### Task to carry out:
Up to and including the line with "Тренер збірної Аргентини", write out the listing from its first line, minus the pictures.

### Material provided:
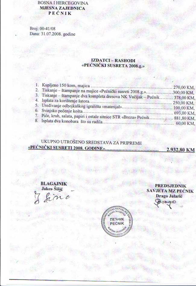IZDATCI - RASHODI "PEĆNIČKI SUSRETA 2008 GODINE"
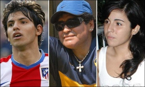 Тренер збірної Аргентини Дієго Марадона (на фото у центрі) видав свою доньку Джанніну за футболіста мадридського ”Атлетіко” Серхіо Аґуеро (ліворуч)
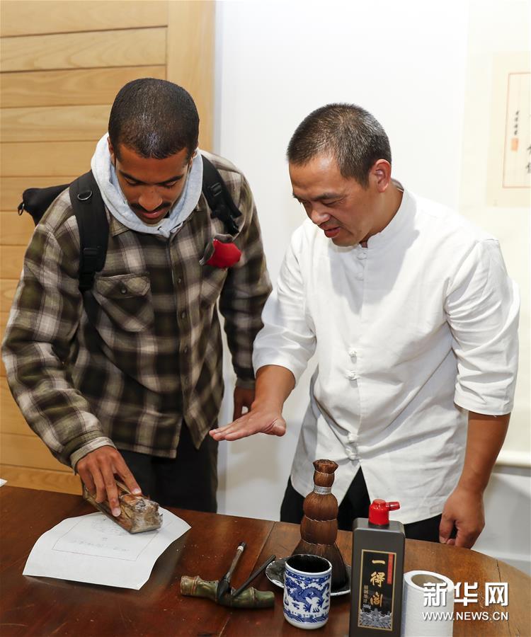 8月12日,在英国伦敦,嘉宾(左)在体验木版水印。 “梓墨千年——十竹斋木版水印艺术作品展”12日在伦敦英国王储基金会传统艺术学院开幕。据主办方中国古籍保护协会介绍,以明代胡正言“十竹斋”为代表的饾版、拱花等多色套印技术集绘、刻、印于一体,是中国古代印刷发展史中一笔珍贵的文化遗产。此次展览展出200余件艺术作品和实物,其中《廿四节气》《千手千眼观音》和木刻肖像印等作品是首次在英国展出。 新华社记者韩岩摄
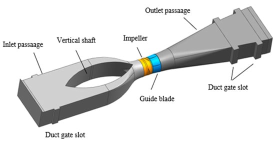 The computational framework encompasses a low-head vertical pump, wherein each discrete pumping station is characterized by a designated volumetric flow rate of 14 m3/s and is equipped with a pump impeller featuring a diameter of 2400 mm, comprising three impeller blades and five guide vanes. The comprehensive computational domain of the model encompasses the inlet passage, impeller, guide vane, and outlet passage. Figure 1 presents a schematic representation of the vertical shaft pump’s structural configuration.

### Response:
IZDATCI - RASHODI "PEĆNIČKI SUSRETA 2008 GODINE"
 Тренер збірної Аргентини Дієго Марадона (на фото у центрі) видав свою доньку Джанніну за футболіста мадридського ”Атлетіко” Серхіо Аґуеро (ліворуч)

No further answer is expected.